At the 2025 Open Compute Platform, OCP Summit Meta spoke about their experience with quad level cell, QLC, NAND flash in their data centers. A panel talked about developments in the new E2 SSD form factor and another panel discussed flexible data placement.

Kioxia was showing their latest enterprise and data center SSDs. Samsung spoke about their HBM and other memory advances and SK hynix talked about their high bandwidth flash and other memory products for AI.

Meta gave information about their first QLC Flash Storage Server, the Open Rack Frame version 3, ORv3, whose specifications are shown below. The actual shelf reference design, supporting 24 U.2 and U.2 long Direct Flash Modules was created by their design partner, Jabil. As shown the goal was a storage server that would enable more than 50PB per rack.

A panel with Peter Choi from Pure Storage, Ross Stenfort from Meta, Arthur Lai from Molex and Anthony Constantine from Micron spoke about updates on SSD form factors. Their talk shared experiences designing and shipping QLC drives and contributions to a new industry standard form factor, E2. This standard is designed to support 64 NAND packages with a large flash controller, high DRAM memory on a single circuit board operating at 30+W with low airflow.

Peter from Pure Storage compared the U.2 long Direct Flash Modules they make with the E2 form factor. Ross from Meta positioned such QLC flash modules as a layer in the memory and storage hierarchy below TLC SSDs and above HDDs. The goal from 2024 was that this E2 form factor would be the industry standard for 128TB or higher SSDs. The slide below shows how the consortium wanted to leverage E3 and E1 form factors to create this new standard.

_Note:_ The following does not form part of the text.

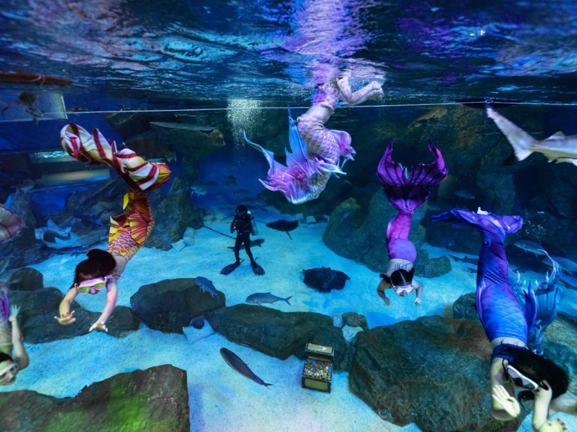儿童水下美人鱼秀将在公园的鲨鱼池内上演,有别于以往的美人鱼表演,最小仅6岁的小美人鱼们需要克服水下的高压和浮力等环境对体力的影响,也要克服对鲨鱼的恐惧心里,在鲨鱼池中与各类鲨鱼共舞,吐泡泡、前空翻、后空翻……届时将为游客们呈现一场精彩、刺激的演出。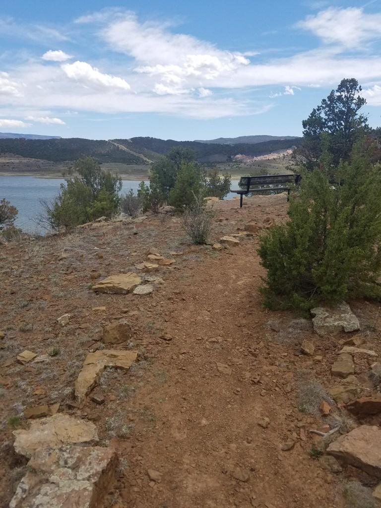 Since we wanted to “practice” the setting up and packing up we added another place to go on this trip out, so we reserved a spot at Trinidad State Park in southern Colorado. This campground was much more impressive. We had trees all around us so it felt very secluded and private. There was a 1 mile guided hiking trail out the front door of our camper. At this time we were both very much out of shape and Tony was still recovering from his surgery. The first day, he made it about a quarter of the way, while Laura walked the loop. The second day, we both did it, as there were several bench seats overlooking beautiful scenery along the way, so we could take our time!

Arthur Lai from Molex went into details about the optimal design of storage modules for optimal air cooling, which favored what he called an ortho hybrid solution for high density rack installation. Challenges remain to push the performance to that required for Gen 7 with over 80W support.

Anthony Constatine from Micron discussed E2 improvements made since 2024 and future improvements and liquid cooling. He pointed out the need to have one form factor to support high density data center applications for PCIe 7.

Another session covered flexible data placement, FDP, and how it might best be used to avoid write application, WAF, that can cause early wear out of QLC and TLC SSDs. Rory Bolt from Kioxia spoke about FDP use cases. He made recommendations that separating temporary files and swap spaces from data with a longer lifespan we could reduce the write amplification.

Kioxia was exhibiting their LC9 Series Enterprise QLC SSDs as well as their SD8 E1.S Data Center SSDs and their CD9P Series Data Center SSDs. The LC9 products from the Kioxia booth are shown below.

Taeksang Song from Samsung spoke about advances in HBM4 and HBM4E as shown below, showing over 2X bandwidth increases over HBM3E and significantly greater energy efficiency. The company also said that the future of HBM will involve customization for various types of AI demands.

He also spoke about advances in DDR5 memory, RDIMM and MRDIMM as well as LPDDR6, LPCAMM2 and SOCAMM2. He also talked about a process in memory, PIM, device with LPDDR for AI, LPDDR5X-PIM. The figure below shows the expected performance and energy improvement this PIM can provide.

He discussed Samsung’s CXL solutions, shown below, which will enable greater memory utilization through memory pooling and compute near memory.

C. S. Kim from SK hynix spoke about the company’s AIN family for AI applications shown below.

This includes high bandwidth flash, which SK hynix announced it was working in partnership with SanDisk on at the 2025 FMS. The slide below indicates that unlike conventional SSDs, this highly parallel memory configuration lets NAND-based flash devices operate at near HBM performance with memory capacities like those of SSDs.

The 2025 OCP Summit featured Meta and SSD companies developments on the E2 form factor, memory and SSDs for AI from Samsung and Kioxia as well as high bandwidth flash developments from SK hynix.